Rut sat back in his chair, considering his answer carefully. "Stevie and Donnie have been boosting booze from people's houses since they were twelve years old. Fighting. Drug dealing. Getting nice girls high, stealing their parents' cars — you name it, Stevie and Donnie have done it. I think they've pissed off more people in this town than any two boys I've ever known. But I should also say that nobody's ever given them half a chance, what with feeling the way they do about Milo. He's an ornery little cuss. Has a lot of bluster in him. Plus he's been at odds with the Vickers family for years, and if you tangle with them there is no way in hell you will ever come out ahead." Rut paused to sip his stout. "But Milo's okay in my book. When he's over here, he's always rewiring a lamp, fixing a leaky faucet. Never asks for anything in return. Milo's been a real friend. And a comfort, both of us being widowers and all."

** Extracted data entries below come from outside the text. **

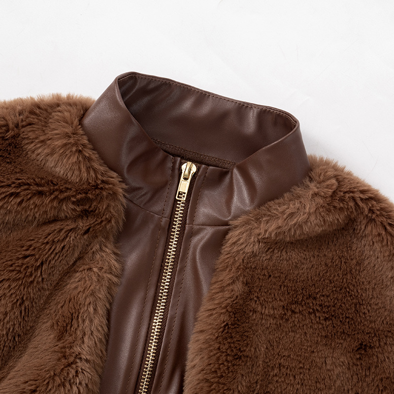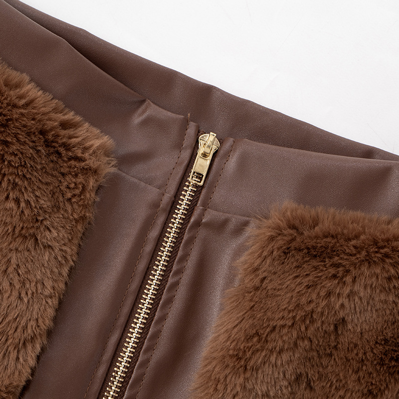 BKQU Sexy Y2K Furry Leather Skirt Suit Women Fashion Zipper Sleeveless Crop Tops Bodycon Mini Skirts Warm Elegant 2 Piece Sets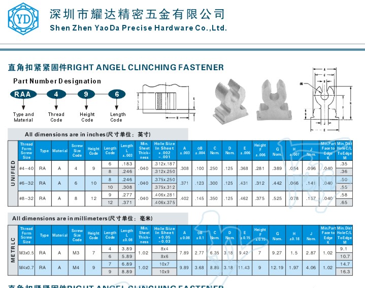 RAA 系列: Provides strong right angle attachment point in aluminum sheets as thin as. 040" / 1mm and Rockwell B 45 Max.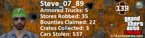 [URL=http://GTAonlinestats.com/showplayer/Steve_07_89][IMG]http://GTAonlinestats.com/signature/Steve_07_89/sig.png[/IMG][/URL]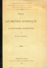 Daniels, M.-Fr.: Essai de géométrie sphérique en coordonnées projectives. Fribourg: Librairie de l’Université 1907. 4°. XIV, 280 S., 45 Figuren im Text, broschiert (unbeschnitten; gebräunt; neuer Einband) (=Collectanea Friburgensia, nouvelle série, Fasc. 8).

"You were going to ask me something about Justine...."

"I feel bad for that girl," Rut confessed. "Let's face it, Stevie and Donnie will be furious about her being mixed up with Bement. Not just because of what happened but because of who he is." Bement Widdifield was the great Poochie Vickers's grandson by way of her daughter, Claudia, and Claudia's husband, Mark Widdifield. Claudia was Eric's older sister. "Milo's mad enough about it to spit. The Vickers are the reason he spent three years in jail himself. Claudia's none too happy either. She thinks the Kershaws are trash, every last one of them. Not that it's anyone's damned business. Bement's over twentyone. So is Justine. Who she dates is her own affair." Rut shifted around in his chair, sighing. "Mitch, she's like a granddaughter to me. Prettiest little thing you ever saw. Has a mouth on her like you wouldn't believe. Got that from Milo, I guess. I'm real concerned there'll be a kerfuffle now that the brothers are getting out. Not that I'm asking you to get in the middle. That's more a job for your exgirlfriend."

"She's not my exgirlfriend, Rut."

Rut frowned at him. "Are you sitting here telling me that you and the resident trooper weren't a hot and heavy item?"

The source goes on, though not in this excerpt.